The Blood Confession
- First edition
- Author: Alisa M. Libby
- Language: English
- Genre: Historical fantasy
- Publisher: Dutton
- Media type: Print (Hardcover)
- Pages: 389
- ISBN: 978-0-525-47732-7
- OCLC: 62322115
- LC Class: PZ7.L591177 Bl 2006
- Followed by: The King's Rose

= The Blood Confession =

2006 novel by Alisa M. Libby

The Blood Confession is a 2006 historical fiction novel written by Alisa M. Libby. The novel is a revisionist telling of the legend of Countess Elizabeth Báthory, with elements of the fairy tale Snow White.

==Plot==

The book follows the character of Countess Erzebet, a young noblewoman held prisoner while being charged with murder.

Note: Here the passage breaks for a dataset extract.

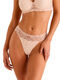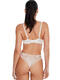 Brésilien avec une coupe à l'arrière qui met en valeur vos fessiers. Très confortable, idéal à porter au quotidien. L'avant est doublé, tandis que la ceinture et le dos sont entièrement en dentelle transparente pour ajouter un effet sensuel. La dentelle délicate apporte légèreté et féminité. Elle présente un motif floral finement dessiné, composé de petites fleurs stylisées reliées par des lignes souples, et épouse les formes avec subtilité. Le bord festonné le long des hanches et sur l'arrière renforce le charme féminin du brésilien. Cette finition ondulée ajoute une touche de finesse supplémentaire, tout en restant confortable au contact de la peau. Gousset en coton pour un confort intime garanti. Petit noeud décoratif sur l'avant avec un délicat bijou doré très fin. Petit logo doré à l'arrière.

As the book unfolds, Erzebet tells her life's story, from her ill-omened birth to the crimes she is charged with.

==Reception==
The Blood Confession received a positive review from Strange Horizons, stating that while "first half of the book does wander... it is in its modern connotations that Libby's book really soars and disturbs". Kirkus Reviews praised "Libby’s combination of history, fairy tales and the Bible" but stated that it was "a conceptually interesting but sluggishly paced gothic horror". The Bulletin of the Center for Children's Books wrote that the book was "not for the faint of heart" and that "this first person narrative doesn’t leave out any of the gory details." The School Library Journal praised the book's characterizations while stating that the book's "depiction of Erzebet's descent into madness is overly lengthy".